• PROBLEM:
Your output should be the lines below from the one with "You can run" through the one with "im a woman who", copied exactly, pictures excluded.

• INPUT FOR THIS TASK:
==========

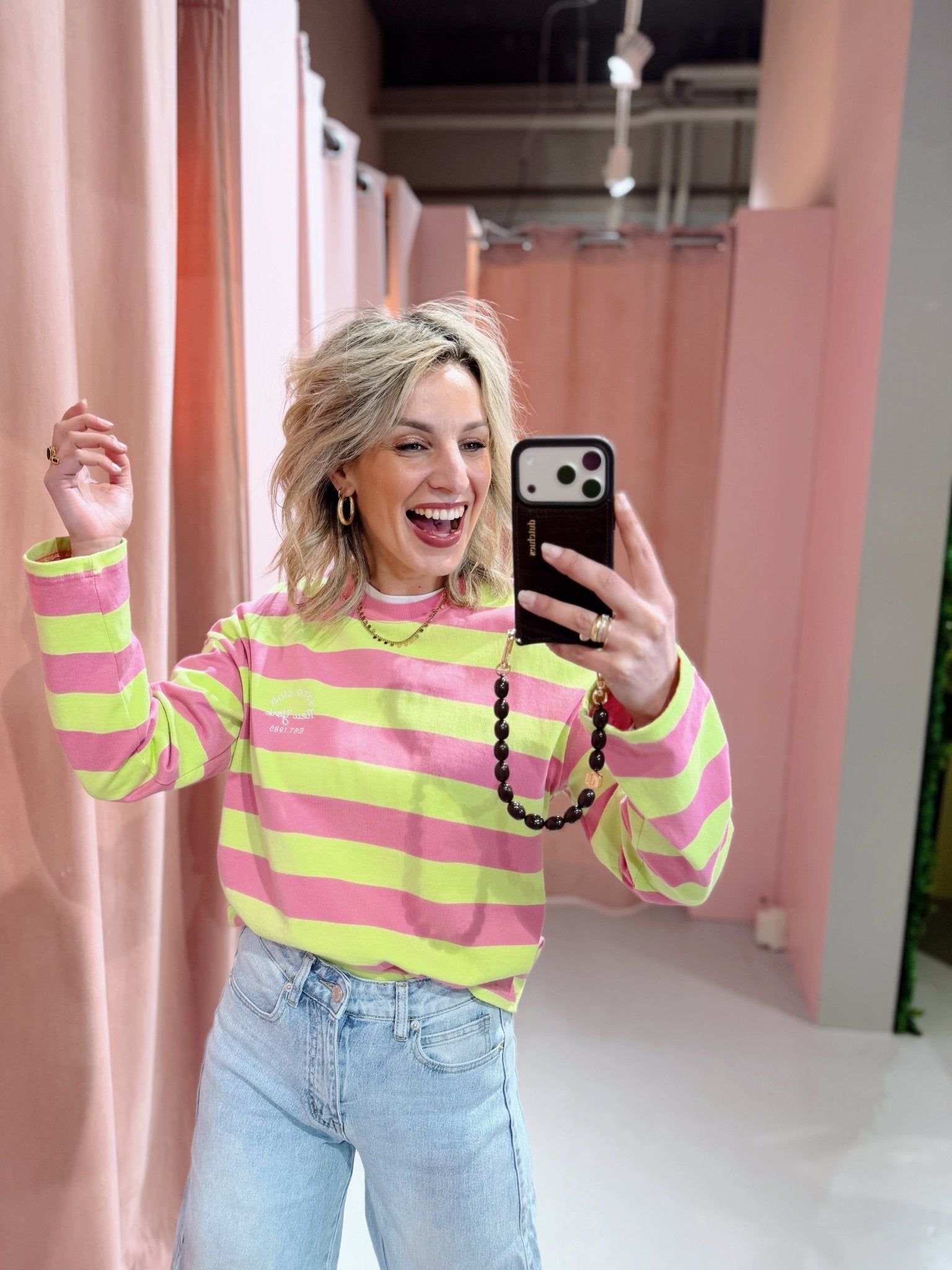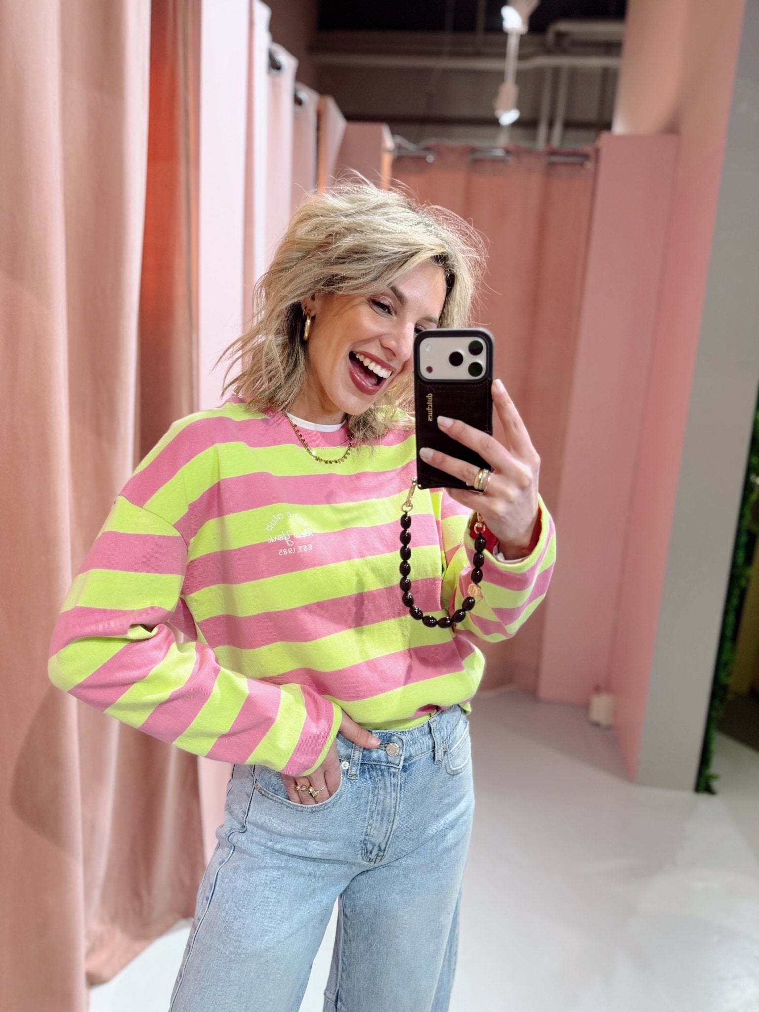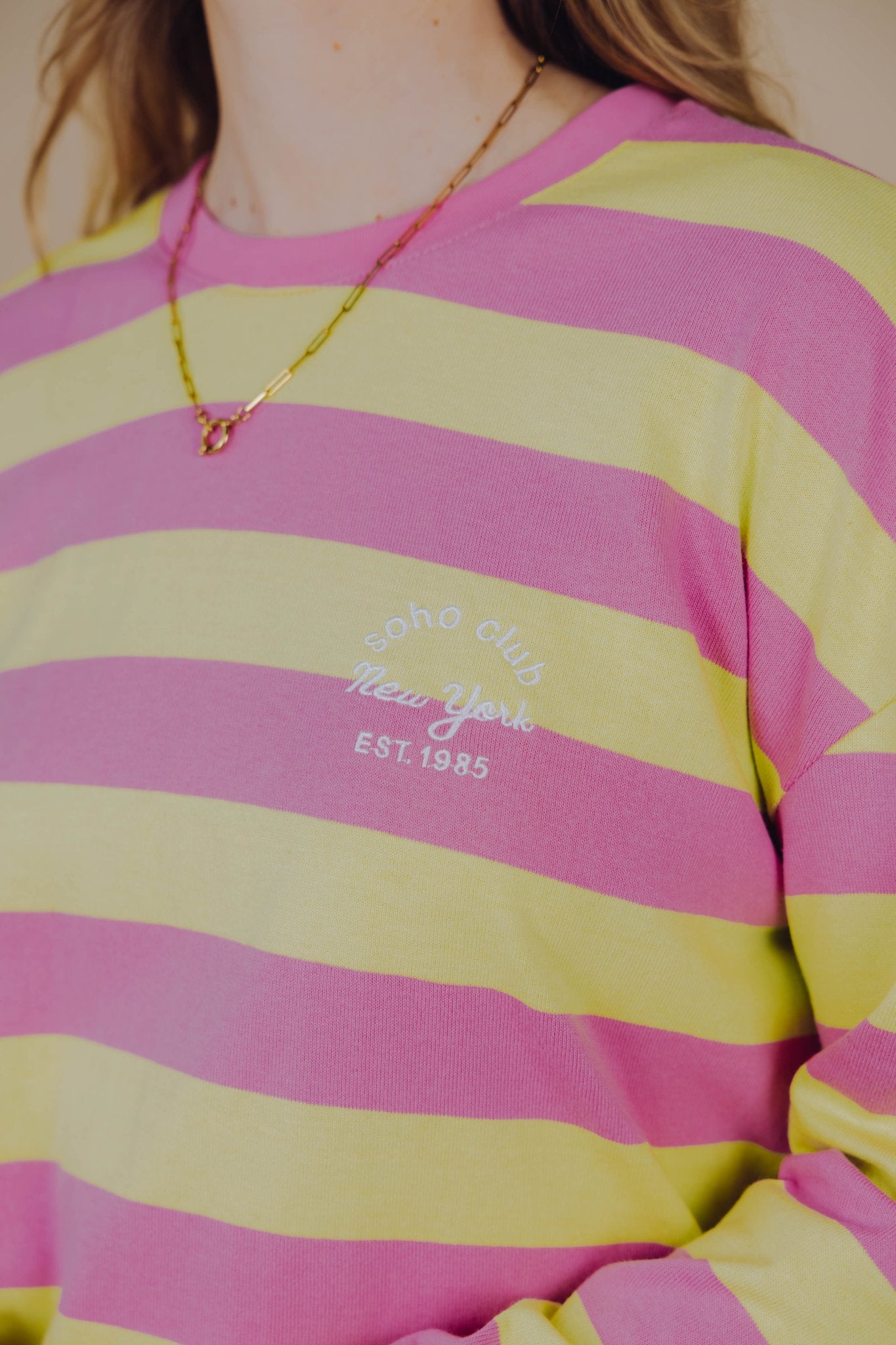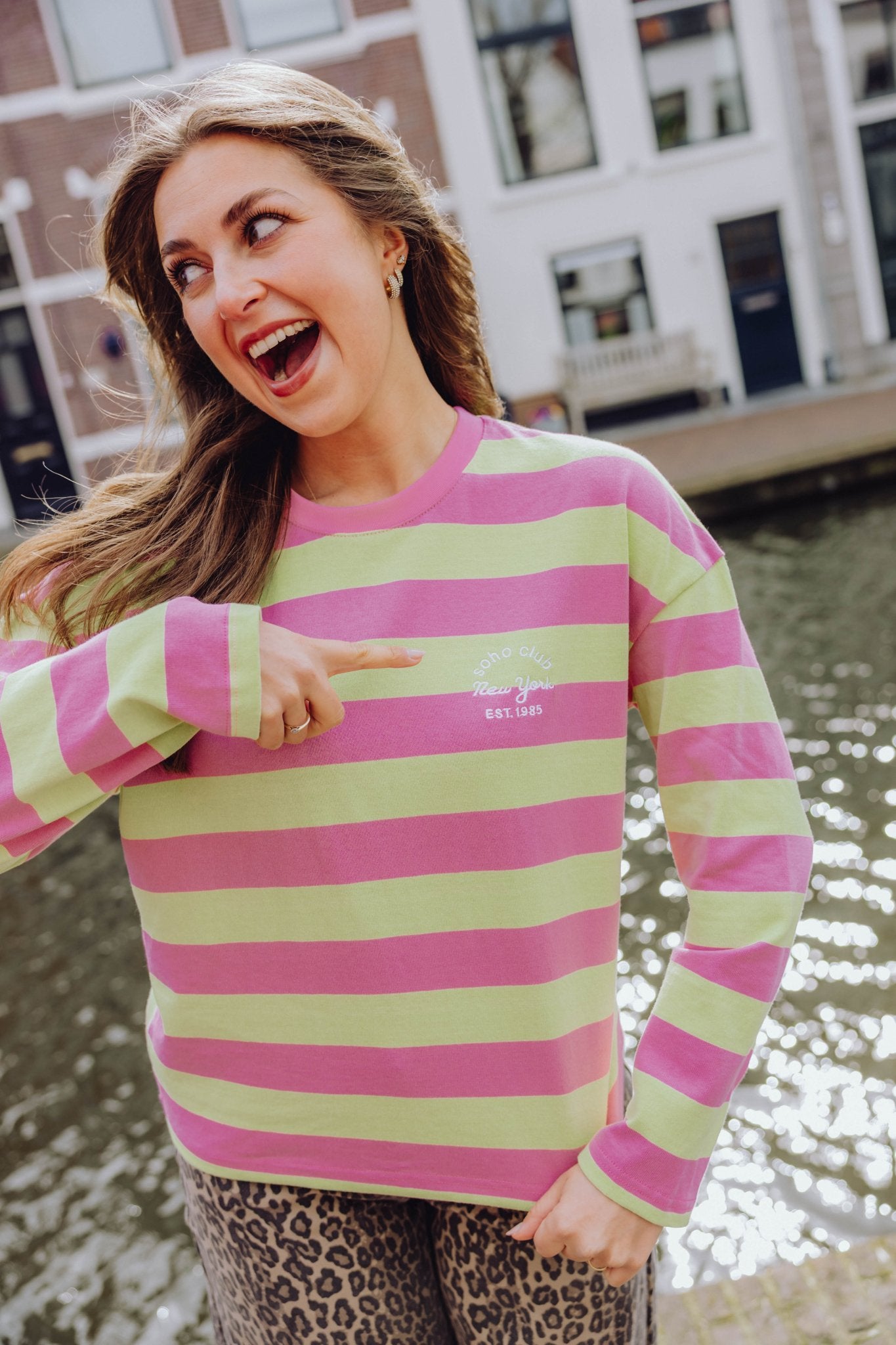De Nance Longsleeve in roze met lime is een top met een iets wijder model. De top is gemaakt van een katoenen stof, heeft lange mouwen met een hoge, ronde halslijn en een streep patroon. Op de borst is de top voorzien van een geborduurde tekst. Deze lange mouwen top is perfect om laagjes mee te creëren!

==========

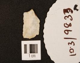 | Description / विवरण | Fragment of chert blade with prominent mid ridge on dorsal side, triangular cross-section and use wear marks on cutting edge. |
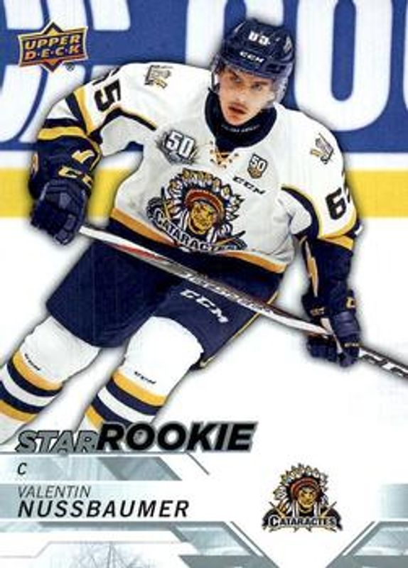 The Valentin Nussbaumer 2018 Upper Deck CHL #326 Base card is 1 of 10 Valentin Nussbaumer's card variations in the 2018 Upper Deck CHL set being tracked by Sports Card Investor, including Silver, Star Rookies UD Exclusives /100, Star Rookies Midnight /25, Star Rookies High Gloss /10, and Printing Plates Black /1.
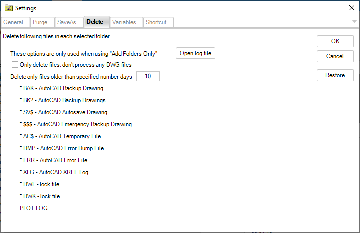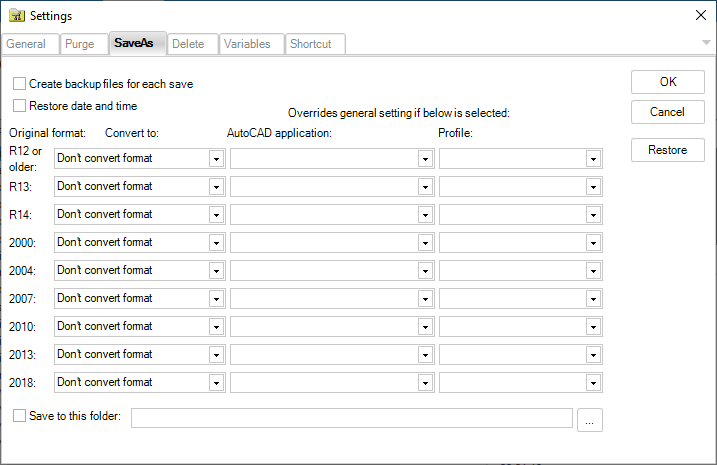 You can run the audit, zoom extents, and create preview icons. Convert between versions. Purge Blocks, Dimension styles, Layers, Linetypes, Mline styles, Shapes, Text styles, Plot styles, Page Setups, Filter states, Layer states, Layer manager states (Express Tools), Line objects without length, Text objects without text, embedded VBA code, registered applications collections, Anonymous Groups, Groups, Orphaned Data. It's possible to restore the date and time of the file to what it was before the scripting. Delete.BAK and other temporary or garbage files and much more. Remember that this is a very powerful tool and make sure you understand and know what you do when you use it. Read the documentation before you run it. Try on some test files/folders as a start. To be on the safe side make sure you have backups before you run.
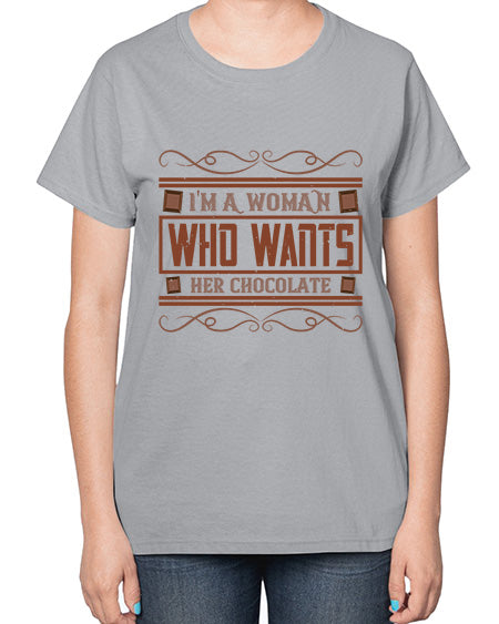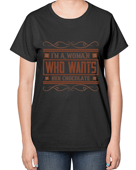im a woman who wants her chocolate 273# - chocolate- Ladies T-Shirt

==========

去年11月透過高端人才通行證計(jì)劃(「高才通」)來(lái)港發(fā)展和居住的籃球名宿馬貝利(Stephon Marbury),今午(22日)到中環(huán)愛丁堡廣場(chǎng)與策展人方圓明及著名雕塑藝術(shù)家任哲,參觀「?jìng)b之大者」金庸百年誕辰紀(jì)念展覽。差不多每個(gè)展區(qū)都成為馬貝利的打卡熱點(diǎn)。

==========

• TASK RESULT:
 You can run the audit, zoom extents, and create preview icons. Convert between versions. Purge Blocks, Dimension styles, Layers, Linetypes, Mline styles, Shapes, Text styles, Plot styles, Page Setups, Filter states, Layer states, Layer manager states (Express Tools), Line objects without length, Text objects without text, embedded VBA code, registered applications collections, Anonymous Groups, Groups, Orphaned Data. It's possible to restore the date and time of the file to what it was before the scripting. Delete.BAK and other temporary or garbage files and much more. Remember that this is a very powerful tool and make sure you understand and know what you do when you use it. Read the documentation before you run it. Try on some test files/folders as a start. To be on the safe side make sure you have backups before you run.
im a woman who wants her chocolate 273# - chocolate- Ladies T-Shirt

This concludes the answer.